Her main assets are: a television, a refrigerator, a stove, six beds, a dresser, a kitchen sink and a new toilet bowl. She also has land in the country. She used to lease the land to a man but he stopped paying so she "ran him off" and is now looking for a new tenant.

Verona

Her major investments include a freezer, a television set, a buffet and a living room set.

 

Spending on entertainment

Each of the women interviewed in depth was asked to talk about her expenditure on entertainment. Their responses reveal the tight patterns of their expenditure and the energy that they have to put in to simply keeping the household going.

Carmen

"Entertain? Well, me love, we don't have no enjoyment. First of all, living without someone to cope and guide them there is no way you can have enjoyment because the time the children should be having enjoyment with them you have to think how to work, how they going to eat food tomorrow morning, how them going to wear clothes. So by the time you supposed to have enjoyment with them you tired."

Deula

"Entertainment? The children they entertain me a lot. I don't go out a lot. The children take a lot and I decide to really put in a lot with them. So all we do, we sit down and sometimes we play dominoes or read Bible stories, quote Scriptures or sing any little foolishness. They are the one who mostly go out and come in with the new style of rhythm and they come inside and we Deejay, according to them."

Icie

"I have a television for entertainment. We can't go out - too much worries. Sometimes the children go out but they don't stay out late."

Letty

Doesn't go out very much apart from to church.

 

Recommendations

1. Existing levels of expenditure on shelter should be carefully determined before public sector plans based on shelter investment by low-income households are made.

2. The relative benefits of food and shelter subsidies should be carefully weighed in the designing of interventions seeking to benefit low-income households in general and female-headed households in particular. Further research should be carried out on this question.

3. The investment priorities of low-income households should be researched prior to any assumptions being made by planners concerning the relative merit of direct investment in shelter by these households. For the poorest households improvement in income status has a higher priority than improvement in shelter status. Indeed improvement in income status is usually seen as the only way in which shelter can be upgraded in the long term. These priorities are particularly characteristic of female-headed households and should be incorporated into strategies aimed at upgrading low-income shelter.

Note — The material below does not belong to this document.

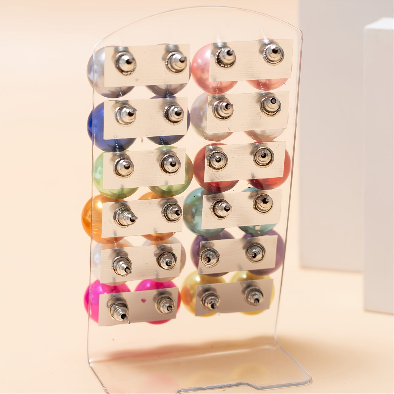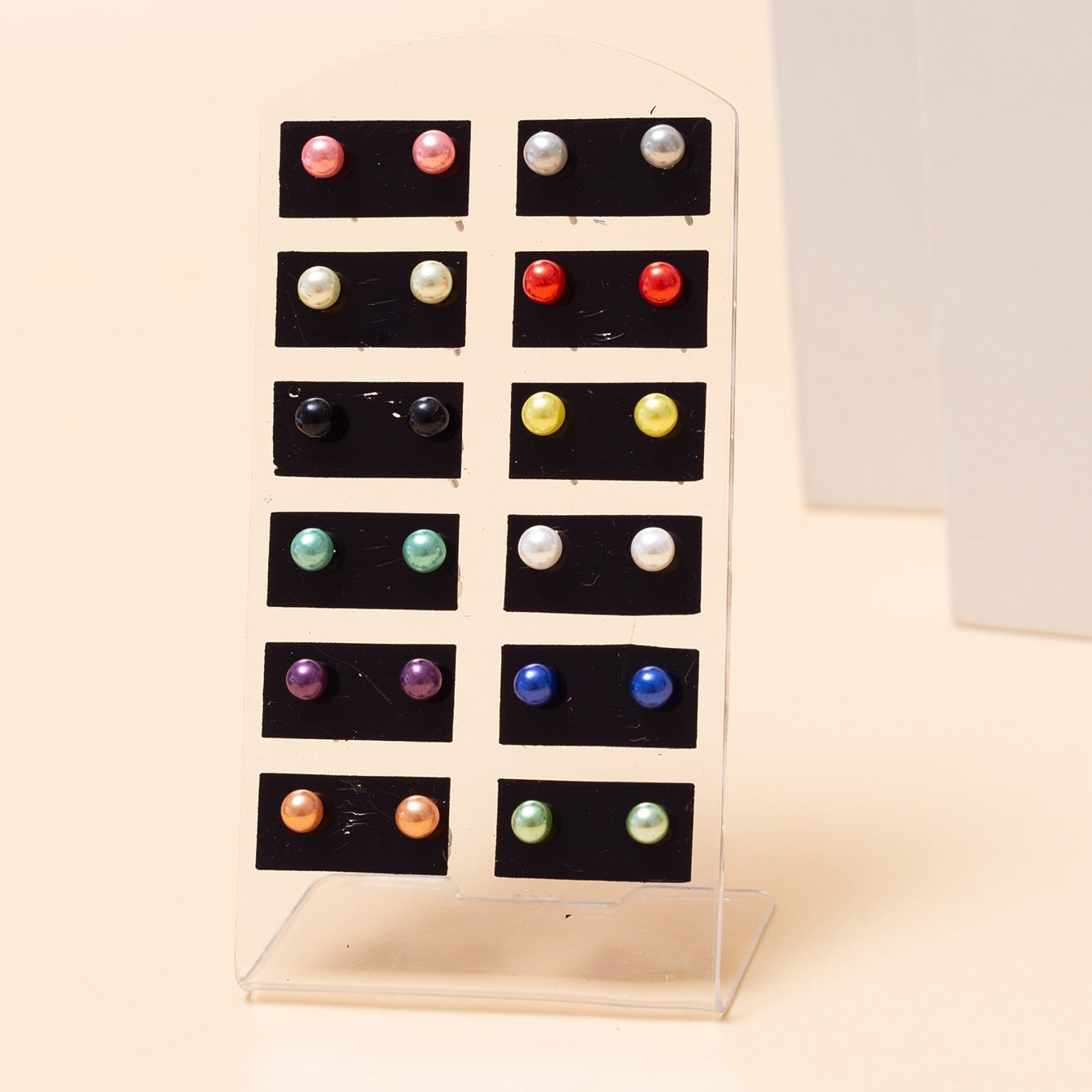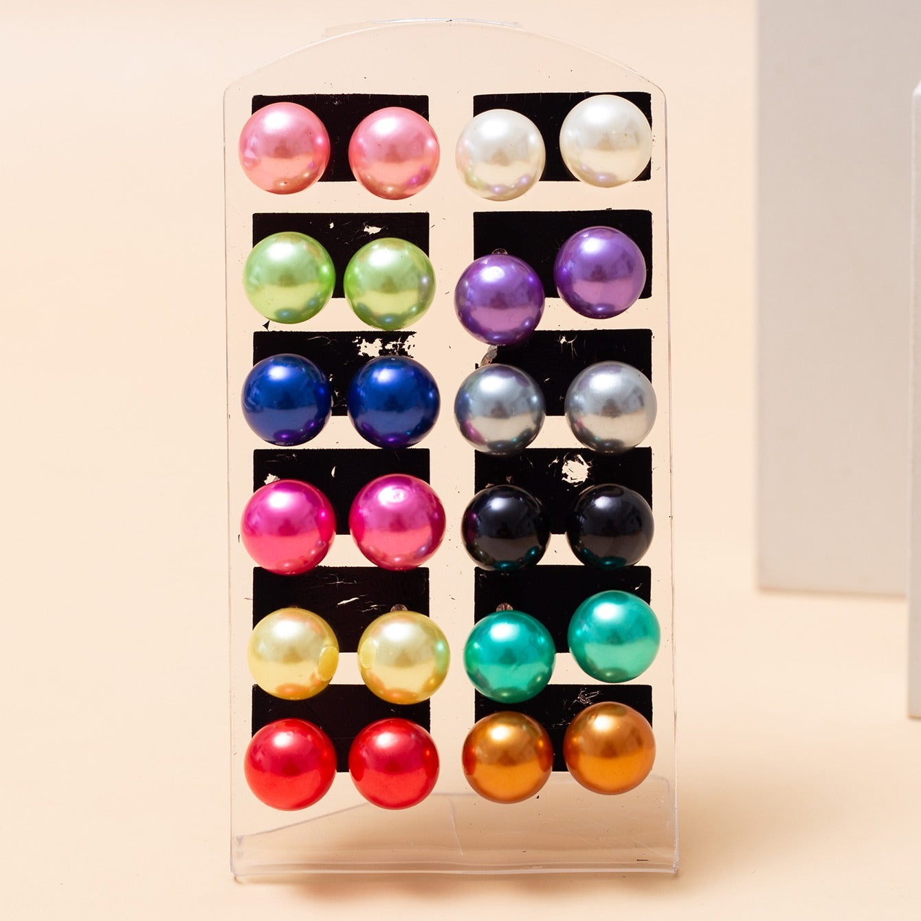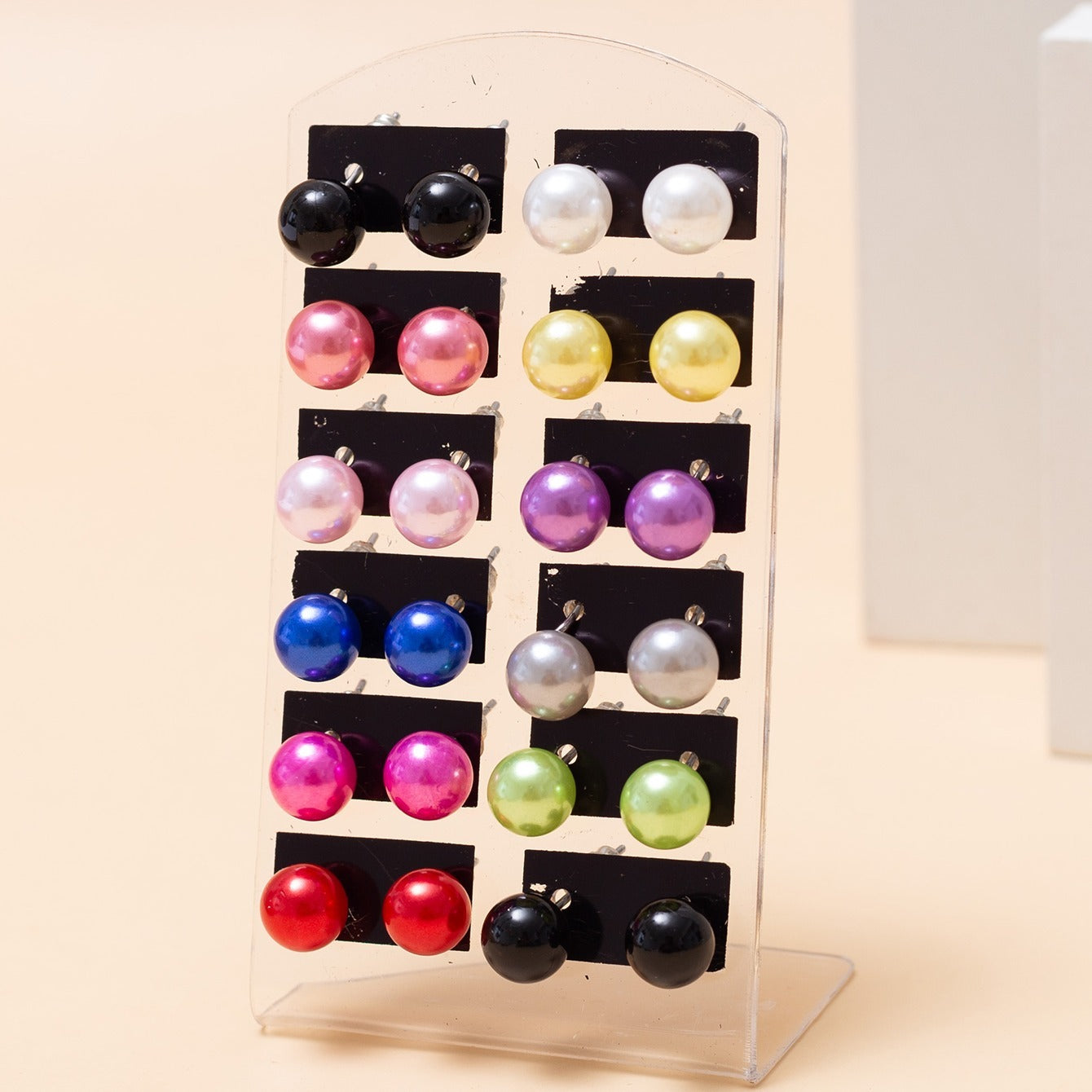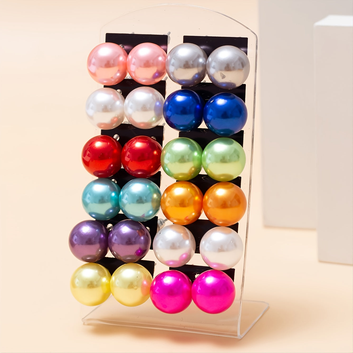• 12 pairs of colorful pearl round ball stud earrings

4. Given that female heads of household in particular tend to prioritize expenditure on income-generating activities over expenditure on shelter it might appear logical to exclude such households from programmes focusing on direct shelter investment. However, the fact that the shelter situation of many female heads of household (particularly those that are renters) contributes directly to their poverty suggests that such a move would make it even more difficult for these households to escape the poverty trap in which they find themselves. Solutions that integrate income generation and shelter support are likely to be the solutions that will have the most positive impact and should receive much greater attention from both the public and voluntary sectors.

5. Information on benefits such as food stamps should be made available to female heads of household in a more effective manner, by means of appropriate media use (e.g., using radio programmes that are most popular with low-income women), and through churches, women's clubs and so on.